The miR-30 family is regarded as an important group of microRNAs that negatively regulates the malignant behaviors of tumors. It has been demonstrated that the downregulation of miR-30a facilitates EMT process and metastasis by modulating EMT-TFs (284–288). Moreover, miR-30a inhibit the initiation of EMT program and drug-resistant CSC-like phenotype by forming a double negative feedback loop with SOX4 (73). MiR-622 can exert the inhibitory effect of miR-30a on EMT and drug resistance by increasing its expression (275). Another family member, miR-30c, has also been reported to directly target TWF1 to reverse EMT, thereby restoring sensitivity of cells to chemotherapy (246).
The miR-34 family, especially miR-34a, is one of most intensively studied miRNAs in breast cancer (289). The combination therapy of miR-34 and traditional anti-cancer agents can inhibit drug resistance in various types of cancer (290). MiR-34a is reported to be able to target EMT-TFs to inhibit the EMT process (291). In TNBC, miR-34a targets MCT-1 to control M2 macrophages polarization, thereby reprogramming EMT and inhibiting stemness closely associated with drug resistance (247). Furthermore, the combination treatment of miR-34a and doxorubicin can significantly downregulate the expression of Snail by inhibiting the Notch/NF-κB and RAS/RAF/MEK/ERK pathways, thereby preventing doxorubicin-resistant breast cancer progression (248).
Although miR-129 may play a dual role in the development of tumors, more evidence tends to suggest that it acts as a tumor suppressor to prevent the malignant progression of breast cancer. In MCF-7 cells treated with adriamycin, the enhanced miR-129-5p expression significantly downregulates the expression of mesenchymal markers (vimentin and N-cadherin), indicating inhibition of EMT (72). By negatively regulating the expression of SOX4, miR-129-5p significantly reduces the IC50 of several drugs, including adriamycin, which proves that breast cancer cells are more sensitive to drugs. In addition, miR-129-5p negatively regulates Twist1 and Snail, therefore reverse the EMT process and eliminate epirubicin resistance (250, 251).
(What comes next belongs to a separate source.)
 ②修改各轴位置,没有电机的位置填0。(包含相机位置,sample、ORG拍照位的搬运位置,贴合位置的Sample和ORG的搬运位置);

The role of miR-205 in different types of cancer is controversial, with dual effects of inhibition or carcinogenesis. According to existing reports, miR-205 typically exhibits tumor suppression and chemosensitivity enhancement in breast cancer, even though the specific effects are variant in different subtypes (292). MiR-205-5p has been proved to enhance the sensitivity of breast cancer to chemotherapeutic agents, including doxorubicin and docetaxel (293, 294). MiR-205 can negatively regulate the phenotype and activity of drug-resistant BCSCs by inhibiting related elements of EMT (265, 295). There are many known targets of miR-205 in breast cancer, including transcription factors ZEB1, ZEB2 and SIP1, which are responsible for regulating EMT (69, 267, 292). The upstream regulators of miR-205, polycomb protein MEL-18 and ligand Jagged1 also suppress the initiation of EMT via this pathway (267). Moreover, miR-205-5p can inhibit chemoresistance of TNBC by regulating Snail (266). The miR-205 and miR-200 family have similar functions and share several target genes, such as ZEB1 and SIP1, which may suggest that they may share more commonalities (69, 296). The combination therapy of miRNA-200/205 has been increasingly reported for regulating EMT and overcoming drug resistance (297).
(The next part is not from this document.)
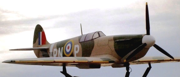 Supermarine Spitfire replica, (Serial No. 788), RN-P, mounted on iron pylons.  ANAF Vets Unit No. 5, 2500 46th Ave.  The letters and numbers on the plane were taken from the logbook of a Spitfire flown by the late Second World War pilot Phillip Bodnarchuk.
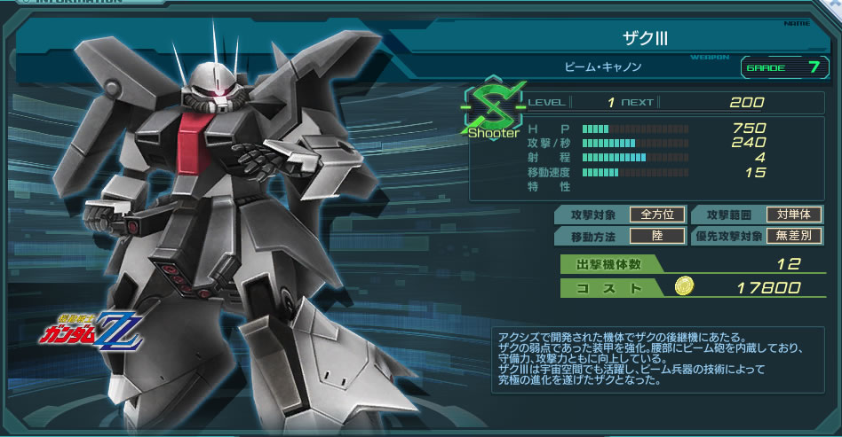 開発Lv3の中では最速入手可能なS型量産機。 ジェガンと比較すると性能が高くなっているだけでなく、初期機体数もプラス1されている。 リゼルC型(ゼネラル・レビル配備機)(ログインボーナス機体)と比べると機体性能では勝るが、機体数で劣るため総合力はほぼ同等。 開発資金とレアチップ消費の少なさ、ツリー下のズサもLv7で開発可能と安定した量産戦力を確保できるツリー配置面でも優秀。

The inhibitory function of some microRNAs on EMT and their anti-tumor metastasis effects have been widely reported, but whether they can overcome drug resistance by suppressing EMT has not been clearly revealed, which will be an orientation worthy of further research (298). It is worth noting that the role of microRNA in breast cancer may not be unidirectional promotion or inhibition, but often dual action. MiR-125b has been proved to reverse EMT and prevent drug resistance in many cancers, including breast cancer and lung cancer (299, 300). However, other studies reported the opposite results simultaneously that high levels of miR-125b are more likely to induce drug resistance and lead to poor prognosis in breast cancer patients (301, 302). The miRNAs listed above with anti-tumor effects in breast cancer may simultaneously promote malignant progression in other tumors or subtypes, which further reflects that the tumor environment is a complex and multifactorial system. Thus, the therapeutic strategy targeting miRNA still requires further exploration and investigation for future clinical application.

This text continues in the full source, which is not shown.